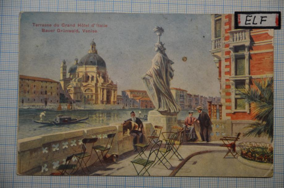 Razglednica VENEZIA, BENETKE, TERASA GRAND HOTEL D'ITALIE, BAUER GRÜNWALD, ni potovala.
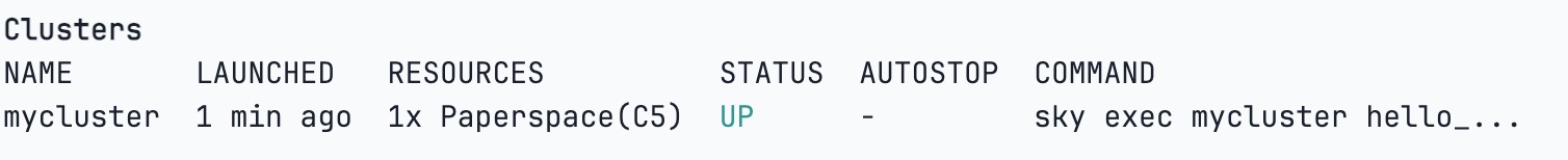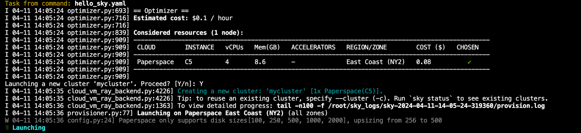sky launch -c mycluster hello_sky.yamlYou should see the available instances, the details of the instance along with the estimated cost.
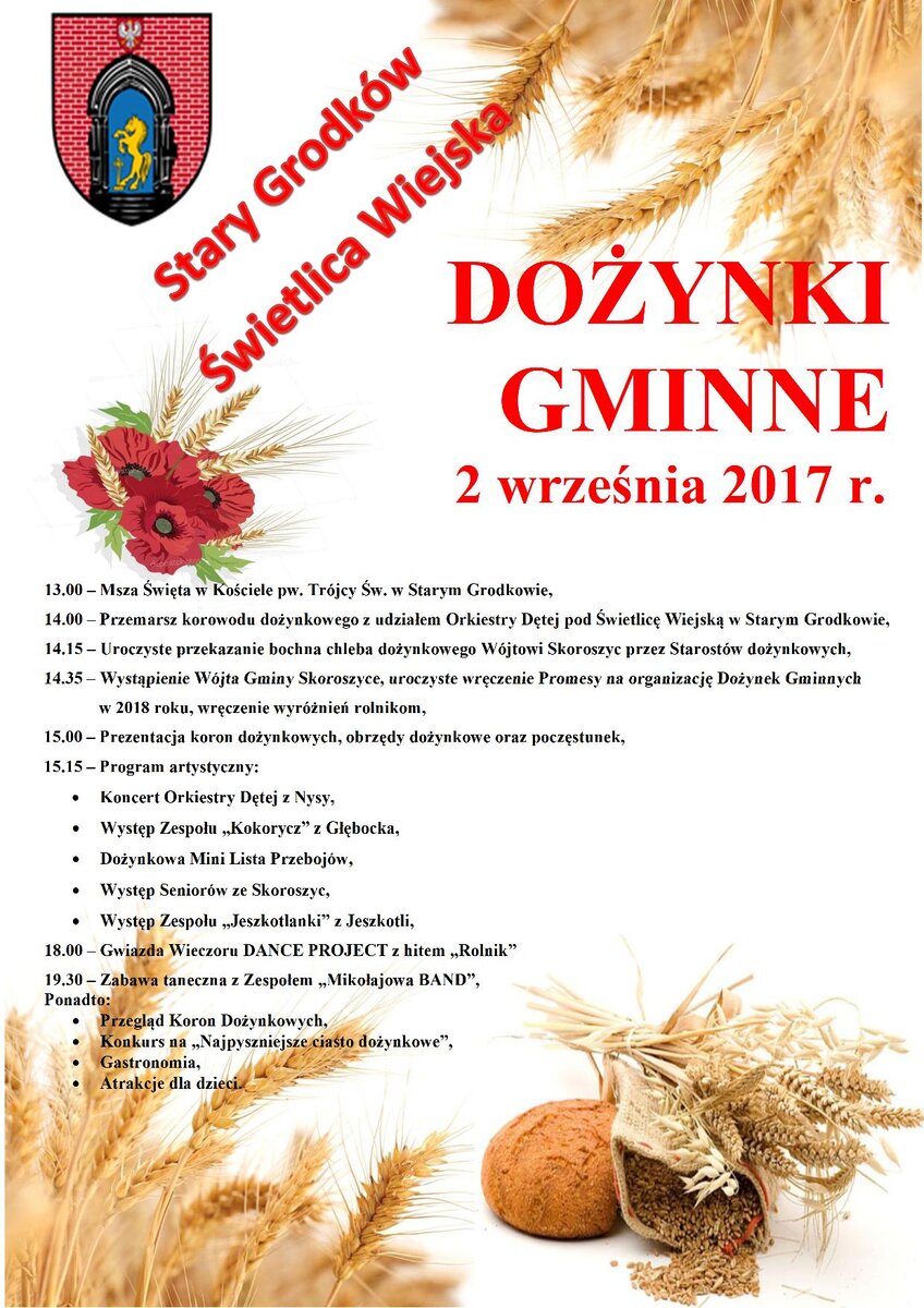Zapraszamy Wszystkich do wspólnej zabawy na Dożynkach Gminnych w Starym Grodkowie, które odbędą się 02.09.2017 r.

......

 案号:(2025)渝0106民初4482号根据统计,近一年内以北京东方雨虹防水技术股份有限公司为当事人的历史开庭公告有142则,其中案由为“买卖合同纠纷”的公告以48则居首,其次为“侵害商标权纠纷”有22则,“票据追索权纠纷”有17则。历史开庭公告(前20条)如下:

......

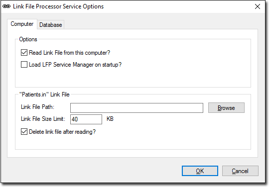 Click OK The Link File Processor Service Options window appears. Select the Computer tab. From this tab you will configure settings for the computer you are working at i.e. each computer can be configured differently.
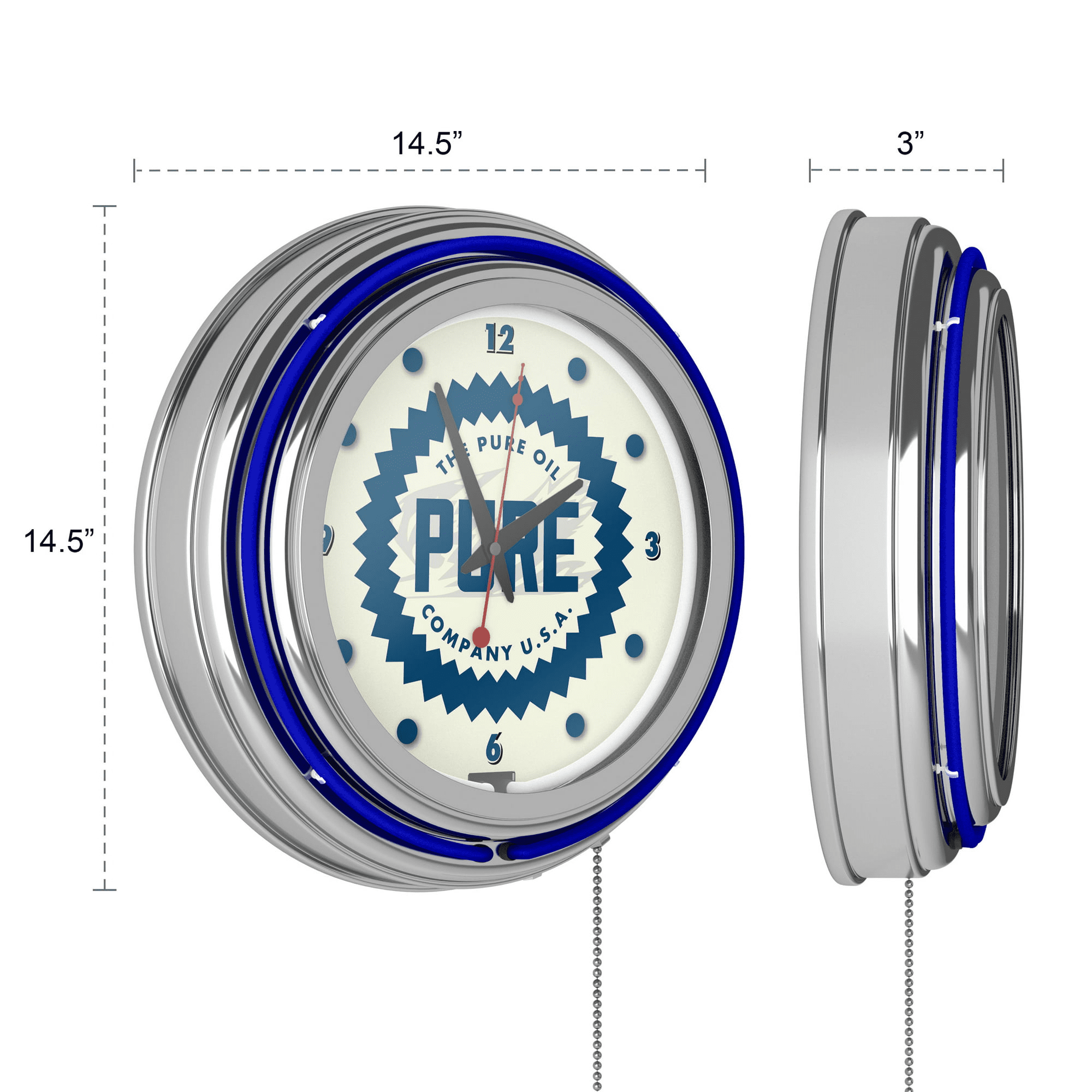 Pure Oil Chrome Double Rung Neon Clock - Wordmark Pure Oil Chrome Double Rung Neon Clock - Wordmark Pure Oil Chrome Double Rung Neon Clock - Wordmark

......

→ Required work:
Go down the entries above from the line containing "Razglednica VENEZIA, BENETKE, TERASA" to the line containing "Zapraszamy Wszystkich do" and write out each line exactly, leaving pictures out.

→ Response to this exercise:
 Razglednica VENEZIA, BENETKE, TERASA GRAND HOTEL D'ITALIE, BAUER GRÜNWALD, ni potovala.
sky launch -c mycluster hello_sky.yamlYou should see the available instances, the details of the instance along with the estimated cost.
Zapraszamy Wszystkich do wspólnej zabawy na Dożynkach Gminnych w Starym Grodkowie, które odbędą się 02.09.2017 r.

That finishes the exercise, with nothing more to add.